Fun has always been a big part of Aaron Phangiso’s cricket. At CBC, Aaron bowled thousands of balls because it was fun to compete against his peers in the nets and at the hostels. He has fun with his spin, and that gives the illusion that it comes naturally to him.
Phangiso was not having fun in the Proteas camp. Not playing is not fun. He spent most of his time with the Proteas wishing he was back home with his Lions teammates. At least they valued what he brought to the table. They had trust in the Banker.
Phangiso got the name because he was one of the most dependable bowlers for the Lions. He had a knack for bringing the game back or putting the team in winning positions after being against the ropes. He did it so many times that his teammates knew that when he came on to bowl, regardless of the situation, Phangiso would give the team a fighting chance.
“So, they started to say, ‘He's The Banker, he's our bank,’” says Phangiso.
Phangiso did show his Proteas teammates and the management that he was indeed the Banker in the few moments he played.

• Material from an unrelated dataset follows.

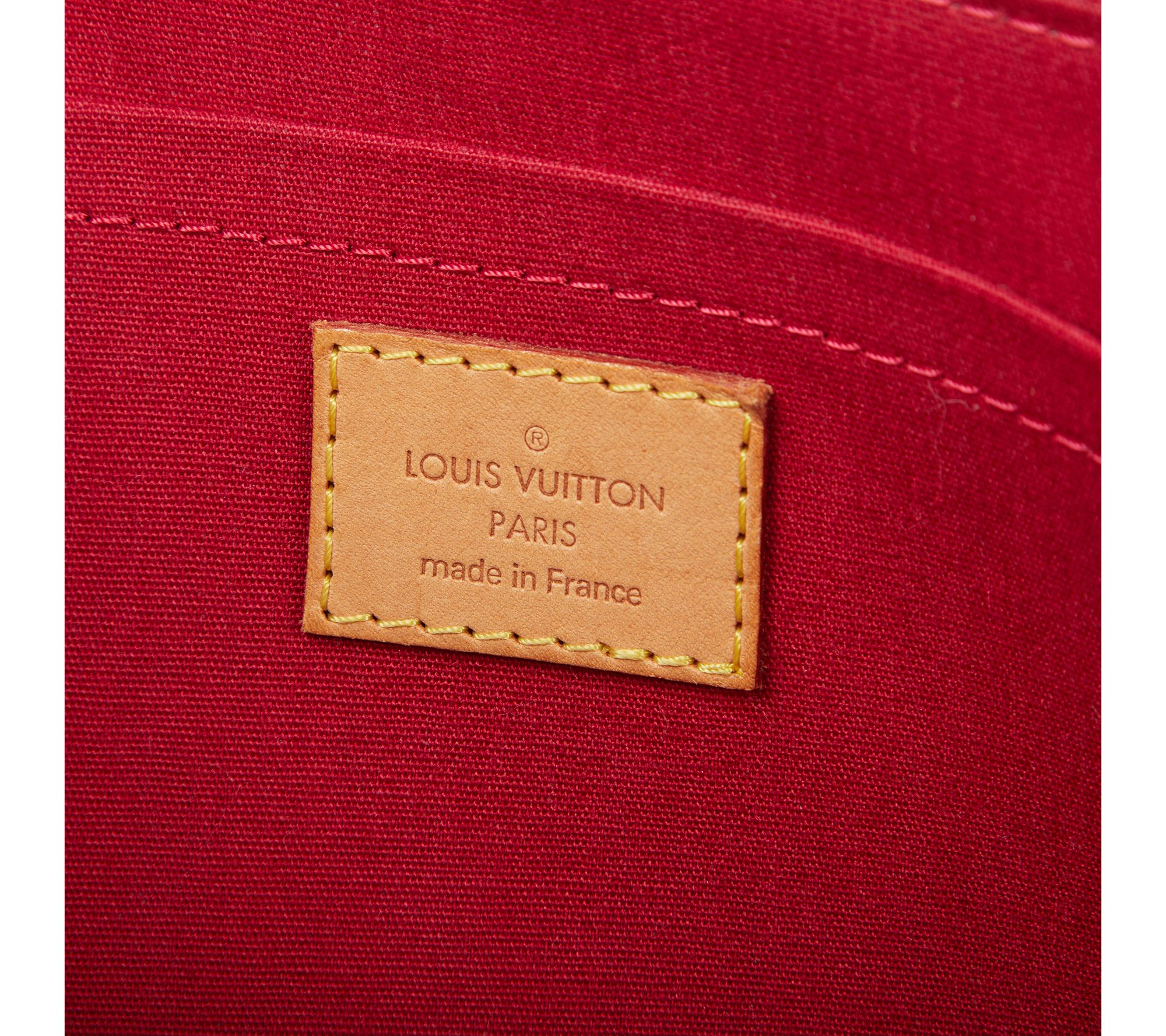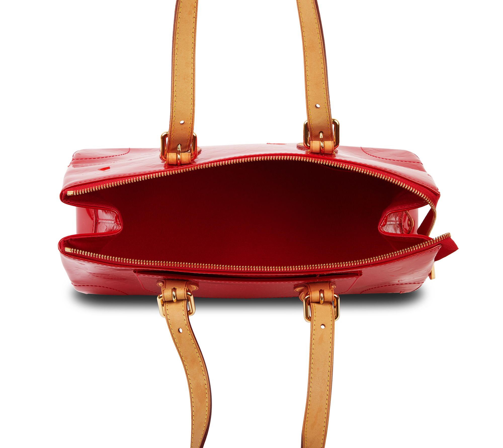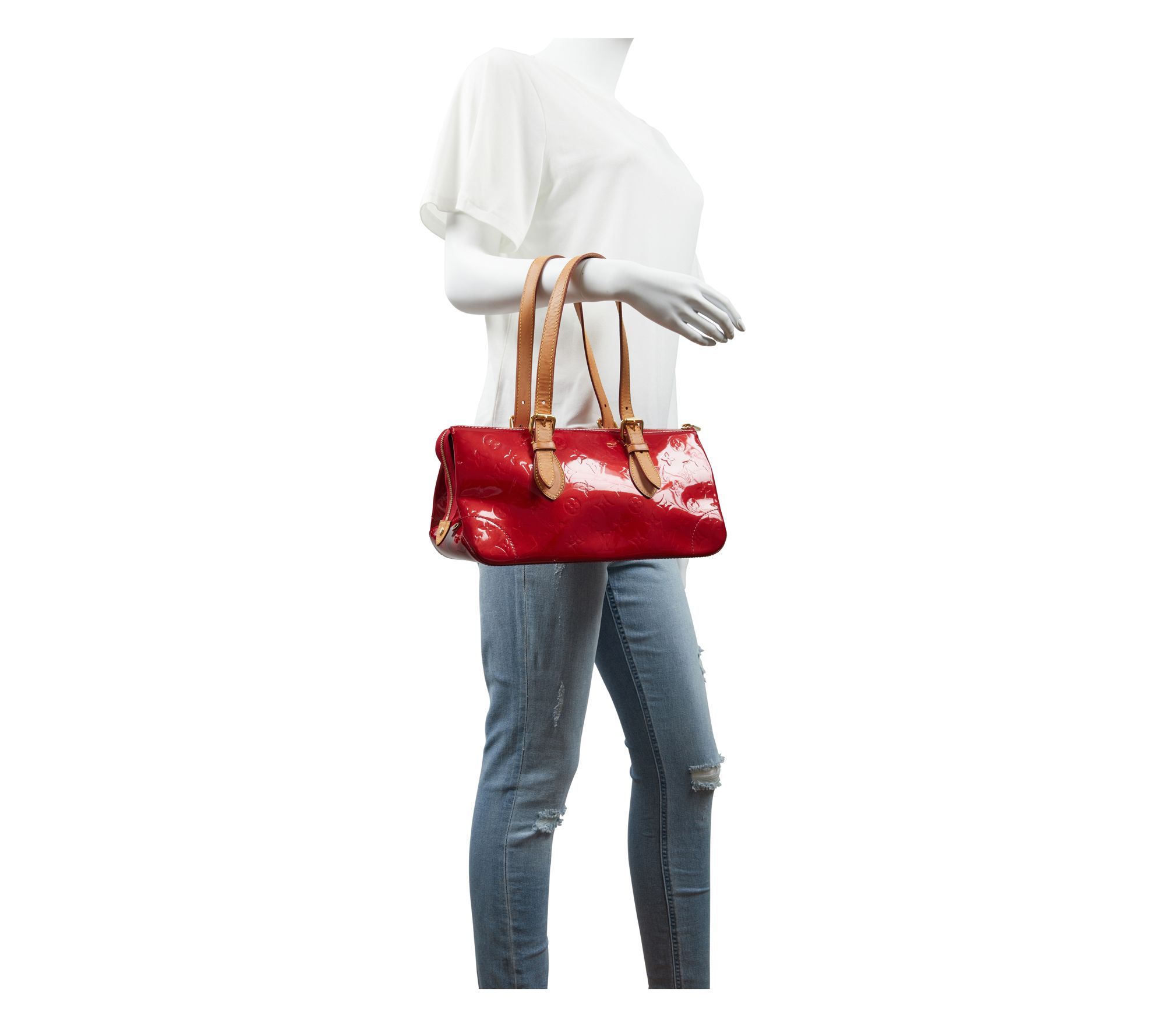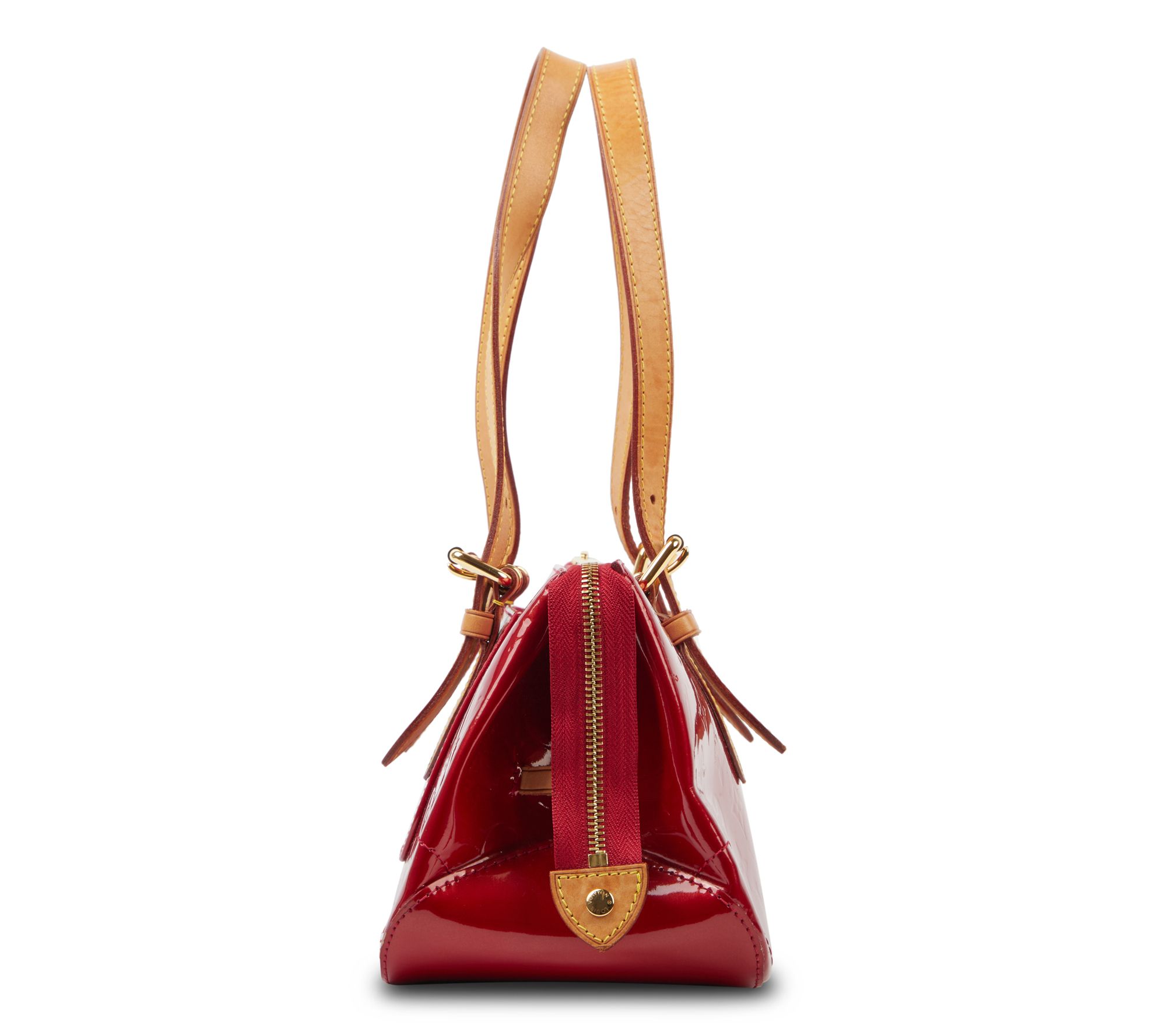 The Louis Vuitton Rosewood Avenue Monogram shoulder bag in red Vernis leather combines chic elegance with practicality. Its compact design is spacious enough for all your essentials, while the vachetta cowhide flat leather strap top handles and an exterior back slip pocket add both style and function. From Louis Vuitton.

The spinner has a World Cup Man of the Match award in his home. He won the accolade in the first World Cup match that he played. It was one hell of a way to show everyone what he could do. Unfortunately for him, his efforts were too little too late. The Proteas had already lost two matches and had no hope for advancement.
He also has two more Man of the Match awards from bilateral and triangular tours with the Proteas.
Phangiso is grateful that things have changed. Lots of things have changed. Players of colour are no longer in the position they were a few years ago. Spinners are now valued and respected more. And though he experienced some of the lowest moments of his cricket career in the Proteas kit, it is still his highest achievement. He is proud to have worn the green and gold.
His Proteas blazer is framed now. It is the centrepiece on the wall that has all of his other jerseys. Next to it is his Proteas shirt. On the other side is his Titans shirt.
Aaron gets emotional when he talks of the honour of representing his country. He is proud to have achieved the dream that was born when he saw Hansie and his team in Soshanguve.
“I have gotten kit before, I have been getting kit since I was 11, but none of it prepares you for the feeling you get when you receive the green and gold,” he says. “Even when you hold the frame that holds your blazer, the feelings flood back. I cannot explain it to you. It’s like singing the national anthem just before the match, it’s amazing. It’s difficult for me to put into words.”